# Exploring Charades-STA

TODO

- Check duration stats
- Generate a JSON
    - list of dicts
    - each dict represents as instance
    - _Fields_: check code for `didemo.py`

In [1]:
def parse_charades_sta(filename):
    """Parser raw charades-STA annotations
    
    Args:
        filename (str)
    Returns:
        instances (list of dicts)
    TODO:
        update dict by class
        
    """
    instances = []
    with open(filename, 'r') as fid:
        for line in fid:
            line = line.strip()
            video_info, description = line.split('##')
            video_id, t_start, t_end = video_info.split()
            t_start = float(t_start)
            t_end = float(t_end)
            
            instances.append(
                {'video': video_id,
                 'times': [[t_start, t_end]],
                 'description': description}
            )
            # print(video, t_start, t_end, description)
    return instances

## 1. Moments duration analysis in the dataset

Why? to extend SMCN and all its variants, we need to do the dirty work done by DiDeMo setup.

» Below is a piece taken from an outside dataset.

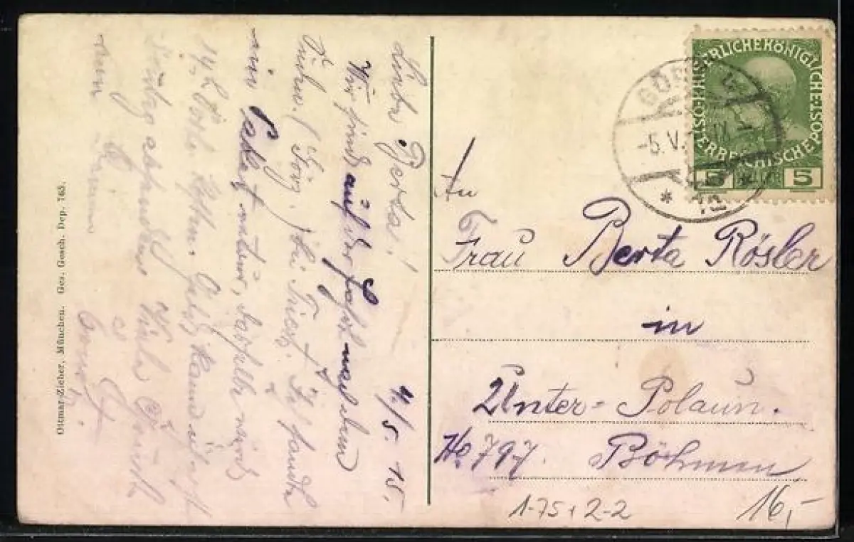 Personenbezogene Daten auf der Rückseite der Karte wurden durch blauen Textmarker unkenntlich gemacht. Die blauen Stellen sind auf die Vorderseite durchgeweicht und wirken sich negativ auf das Postkartenfoto aus

> DiDeMo makes it easy by defining the search space up front.

What? We need to set a couple of parameters: (i) _minimum_ moment length, (ii) _maximum_ moment length, (iii) _type of range_, how to explore minimum -> maximum, and (iv) _striding_ to reduce the search space.

In [None]:
import numpy as np
import matplotlib.pyplot as plt
%matplotlib inline

Q = 95
QUANTILES = np.arange(25, 101, 2.5)
COLOR = ['blue', 'orange', 'green']

all_duration = []
fig, axs = plt.subplots(1, 3, figsize=(21, 7))
for i, subset in enumerate(['train', 'test']):
    filename = f'../data/raw/charades/charades_sta_{subset}.txt'
    data = parse_charades_sta(filename)
    duration = [i['times'][0][1] - i['times'][0][0]
                for i in data]
    all_duration += duration
    
    duration = np.array(duration)
    print('Negative durations: ', sum(duration < 0))
    percentiles = np.percentile(duration, QUANTILES)
    axs[i].plot(percentiles, QUANTILES, color=COLOR[i])
    axs[-1].plot(percentiles, QUANTILES, color=COLOR[i])
    axs[i].set_xlabel('Duration')
    axs[i].set_ylabel('Quantile')
    axs[i].set_title(f'Duration stats {subset}\n'
                     f'Min: {np.min(duration[duration > 0]):.2f}, '
                     f'Median: {np.median(duration):.2f}, '
                     f'{Q}Q: {percentiles[QUANTILES == Q][0]:.2f} '
                     f'Max: {np.max(duration):.2f}')
duration = np.array(all_duration)
percentiles = np.percentile(duration, QUANTILES)
axs[-1].plot(percentiles, QUANTILES, ls='--', color=COLOR[-1])
axs[-1].set_xlabel('Duration')
axs[-1].set_ylabel('Quantile')
_ = axs[-1].set_title('Duration stats (train+test)\n'
                      f'Min: {np.min(duration[duration > 0]):.2f}, '
                      f'Median: {np.median(duration):.2f}, '
                      f'{Q}Q: {percentiles[QUANTILES == Q][0]:.2f} '
                      f'Max: {np.max(duration):.2f}')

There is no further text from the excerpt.